El aceite de semilla de calabaza o pepita, tiene varios beneficios para la salud. Un estudio de 2008 publicado en la revista "Phytotherapy Research” reveló que la suplementación con aceite puede reducir el colesterol y la presión arterial gracias a sus fitoestrógenos y fitoesteroles. El aceite también es una fuente rica de ácidos grasos omega-6 y vitaminas E y K.

Acidos grasos Omega- 6

El aceite de semilla de calabaza contiene ácido linoleico, un ácido graso esencial omega-6. Los ácidos grasos omega-6 son esenciales para el crecimiento y desarrollo normal y para la función cerebral y ayudan a estimular el crecimiento del cabello y la piel, regular el metabolismo y mantener la salud de los huesos y el sistema reproductivo, de acuerdo con el University of Maryland (UM) Medical Center.

Fitoesteroles

Los fitosteroles en el aceite de semilla de calabaza pueden ayudar a disminuir el colesterol en sangre. Los fitoesteroles actúan interfiriendo con la absorción del colesterol en el intestino, de acuerdo con el British Journal of Nutrition.

Vitamina E

El tocopherol en el aceite de semilla de calabaza es un poderoso antioxidante , también conocido como vitamina E. Éste ayuda al cuerpo a utilizar la vitamina K. También tiene un papel en la formación de las glóbulos rojos en la sangre, de acuerdo con el UM Medical Center.

Vitamina K

El aceite de semilla de calabaza es una fuente de vitamina K. Esta vitamina puede ayudar a mantener los huesos fuertes en las personas de edad avanzada.
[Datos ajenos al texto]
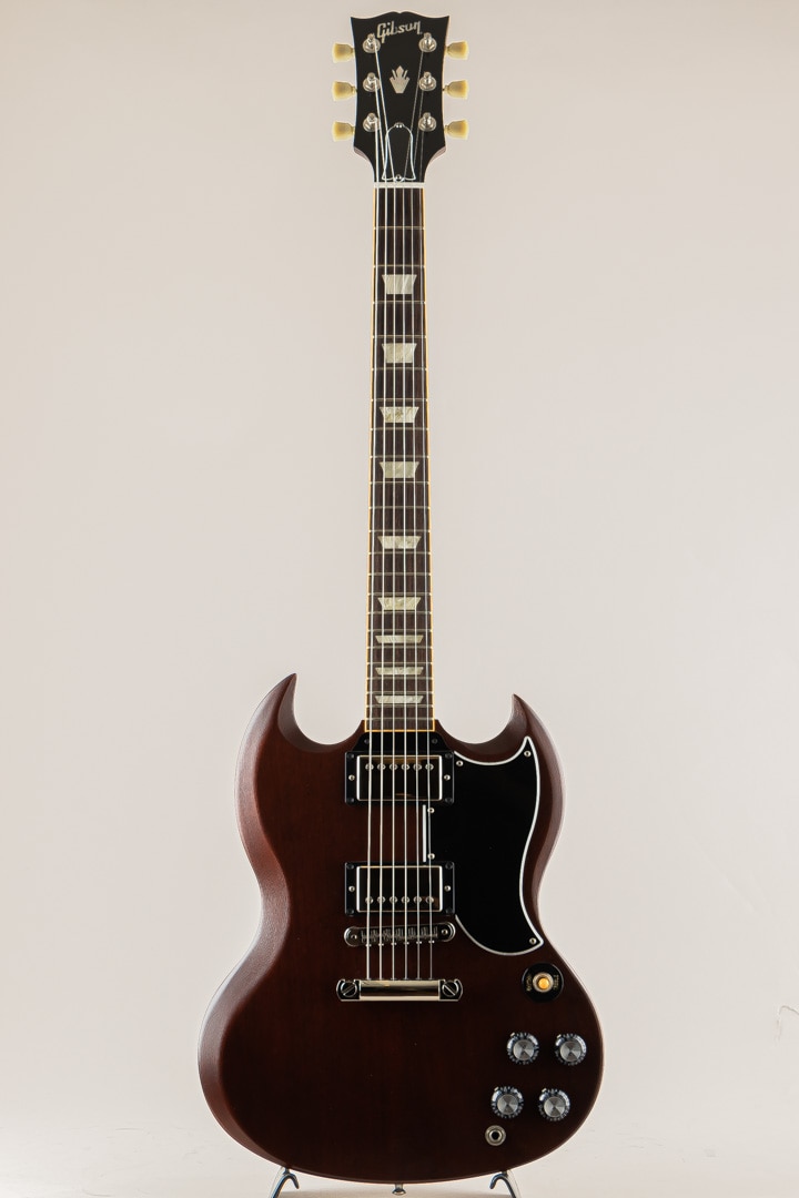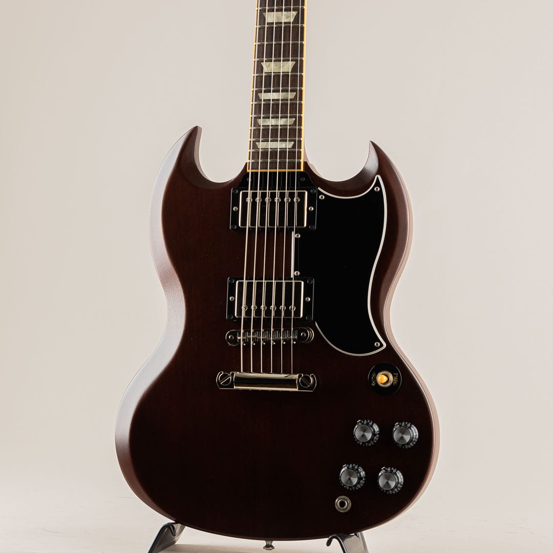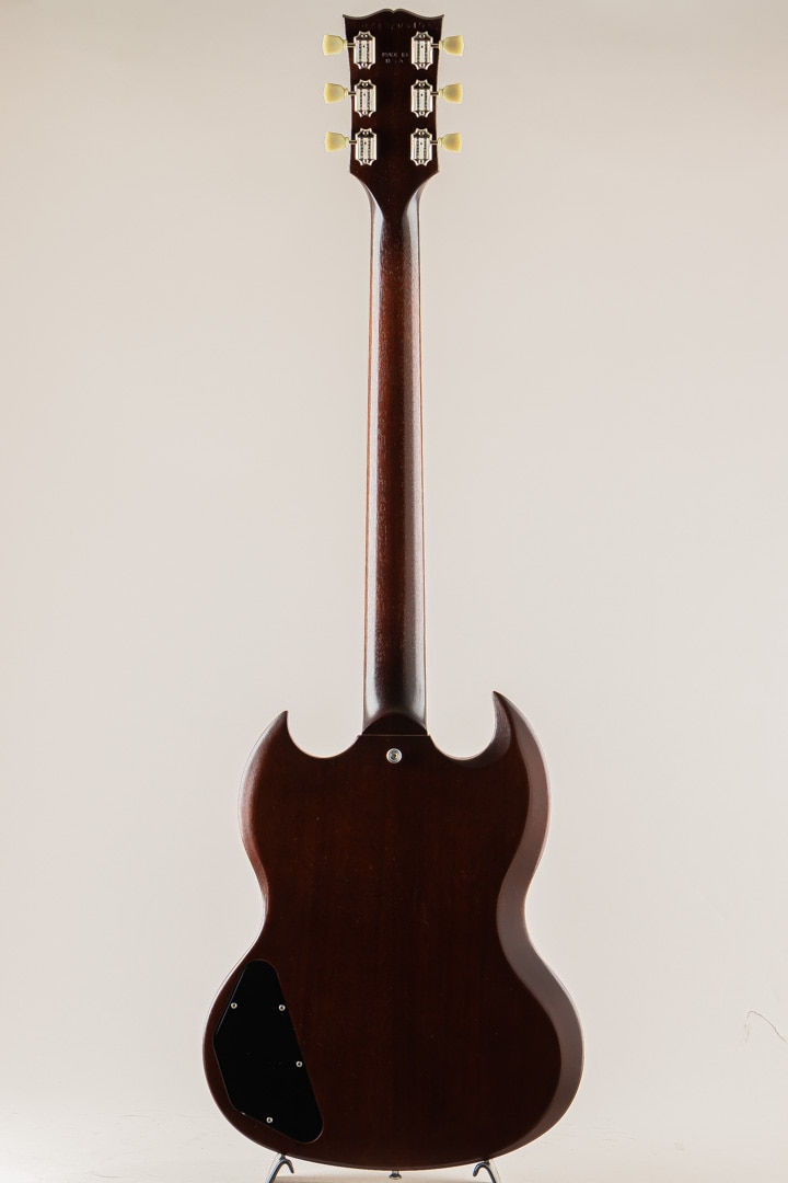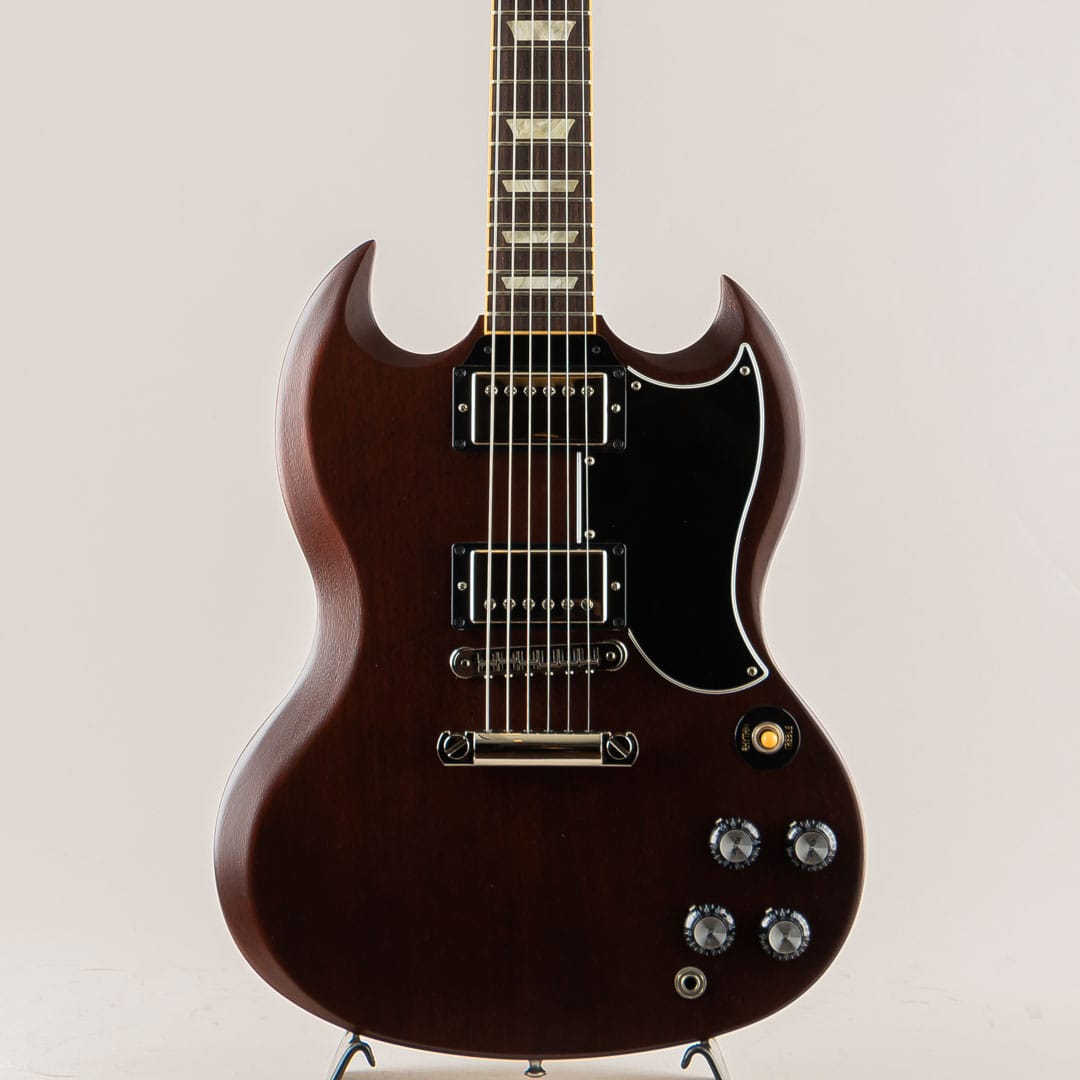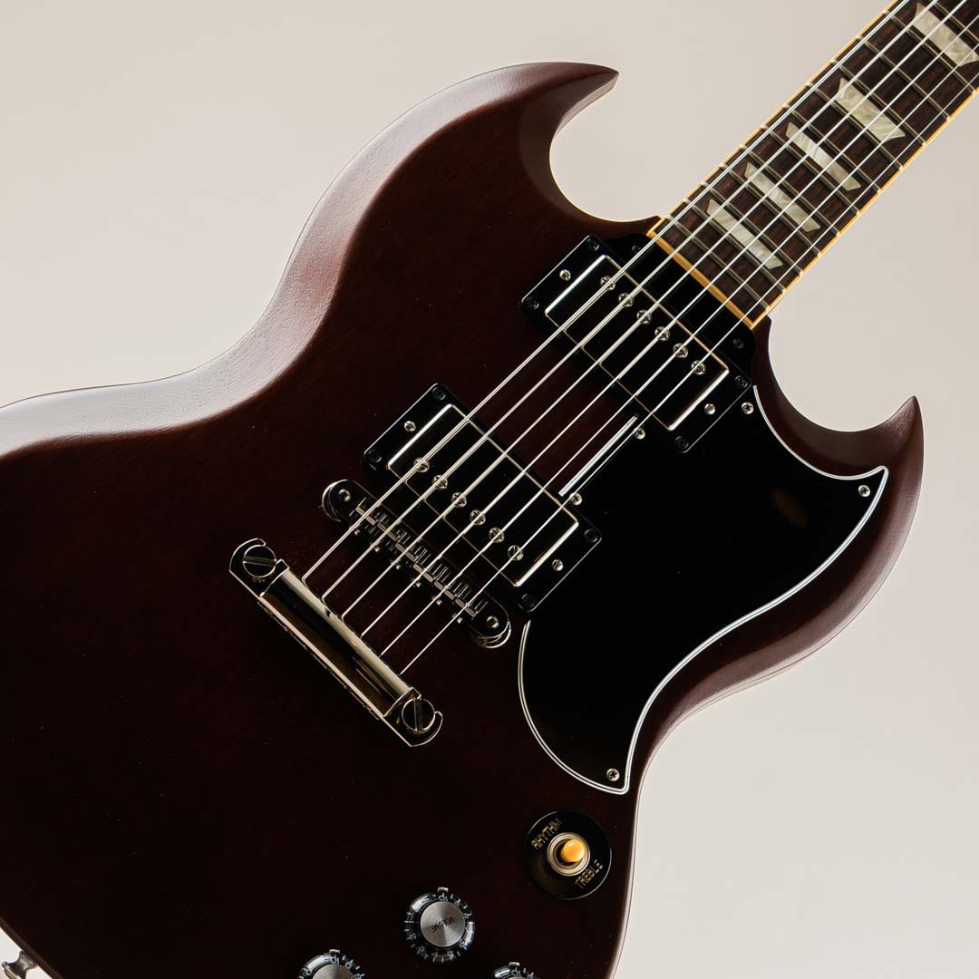 マホガニーボディ / マホガニーネック / ローズウッド指板にて構成されたウッドマテリアル。スモールピックガード / スリムネック仕様等、基本仕様はSG 61タイプと同様ながら、サテンフィニッシュにアンティーク・ウォルナットカラーがチョイスされた限定仕様となります。スリムなネックとサテンフィニッシュの組み合わせによって実現した滑らかなネックグリップ、ハイポジションへのアクセスが容易なダブルカッタウェイ構造により快適な演奏性が確保。ピックアップには57クラシックを2機搭載。SGらしい軽快で明快な響きはそのままに、色気のあるミッド感が堪らないサウンド。クリーンからドライブサウンドまで幅広くお楽しみた頂けること間違いなし。

Es necesaria para todos, según lo afirma el UM Medical Center, ya que sin ella la sangre no puede coagular.

Fitoestrógenos

El aceite de semillas de calabaza es una fuente rica en fitoestrógenos, una propiedad que sirvió para disminuir la presión arterial sistólica y diastólica en ratas en un estudio de 12 semanas sobre los suplementos de aceite de semilla de calabaza, de acuerdo con M. Gossell-Williams, autor del estudio publicado en 2008 sobre “Phytotherapy Research”.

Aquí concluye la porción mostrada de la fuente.